Wenn alles weiterhin so gut läuft wie bisher und die Corona-Zahlen weiter sinken, kann ich bestimmt bald schon das nächste Dinotreffen oder eine Lesung ankündigen. Ich befinde mich bereits mit mehreren interessanten Standorten im Gespräch. Jetzt muss natürlich das Gesundheitsamts prüfen, ob solche Veranstaltungen zulässig und das Risiko es wert ist.


Lasst und also weiterhin auf das Beste hoffen – aber nicht nur das! Jeder kann ja nun durch die neue Corona-App daran mitwirken, dass die Infektionswege rückverfolgbar und die Seuche damit schneller eindämmbar ist. Da so gut wie jeder von uns ja eh jeden Tag sein Handy durch Apps wie Facebook, Whatsapp und vor allem Google mit hunderten von persönlichen Daten füttert, ist auch das Datenschutzproblem kein Argument, sich vorm Installieren dieser App zu drücken. Also danke ich jedem, der bei dieser Sache mitmacht!


Bild der Woche

Ach du schreck! Wenn ein Tyrannosaurus am Flussufer auftaucht, setzten sich sogar die riesigen Quetzalcoatlus schnellstens in Bewegung. Die riesigen Pterosaurier waren vermutlich nur Durchzugsgäste in Hell Creek. Mit ihrer imposanten Größe – mit über fünf Metern Höhe sogar höher noch als der mächtige Raubsaurier – waren sie aber mit Sicherheit ein spektakulärer Anblick.

 

Das Artikelbild habe ich auf Pinterest gefunden. Es stammt von Julius Csotonyi und Alexandra Lefort

Bildquelle


Paläo-News

Auch in dieser Woche gab es wieder einige interessante Neuigkeiten aus der Welt der Paläontologie. Darunter ein echter Knüller, der schon fast ein bisschen an Jurassic Park erinnert! Aber lest einfach selbst:


„Verschollener Kontinent“ Zealandia geographisch vermessen!

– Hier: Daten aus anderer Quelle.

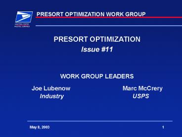 PRESORT OPTIMIZATION PowerPoint PPT Presentation

Geologische Prozesse, die Millionen von Jahren andauern, halten die Erde stetig in Bewegung. Die Kontinente driften auf dem Erdmantel umher wie Marshmallows in heißem Kakao, und sie heben und senken sich, genauso wie der Boden der Ozeane. Riesige Landmassen, die einst festes Land waren, liegen heute auf dem Grund der See, genauso wie wir heute Gebirge dort finden, wo einst Meeresboden war.

 

Wissenschaftler haben nun zum ersten Mal die genaue Lage und die Grenzen des heute verschwundenen Kontinents Zealandia vermessen, der einst östlich von Australien eine große Landmasse bildete. Tuataras, die Brückenechsen, die einst auf dem gesamten Südkontinent Gondwana zu finden waren, kamen dort einst in großer Zahl vor, genauso wie viele Vogelarten, die noch bis vor einigen zehntausend Jahren ein riesieges Verbreitungsgebiet ihr eigen nennen konnten.

Heute sind von Zealandia lediglich die beiden Inseln Neuseelands trockenes Land. Doch auch wenn der größte Teil heute unter dem Meer liegt, ist Zealandia immer noch ein echter Kontinent, der eines Tages wieder neuer Lebensraum für jede Menge Landtiere werden könnte – natürlich in ferner Zukunft.

 

Bildquellen und Link zum Artikel


Das Karibu der Kreidezeit

Während der späten Kreidezeit war eine Dinosauriergattung besonders erfolgreich: Edmontosaurus. Einst besiedelte dieser perfekte Allrounder unter den Dinosauriern ein gigantisches Verbreitungsgebiet, brachte mehrere Arten hervor und war während des unvorstellbar langen Zeitraums von ganzen 13 Millionen Jahren – vom späten Campan bis ans Ende des Maastrichtiums hindurch eines der häufigsten Tieren auf dem nordamerikanischen Westkontinent Laramidia.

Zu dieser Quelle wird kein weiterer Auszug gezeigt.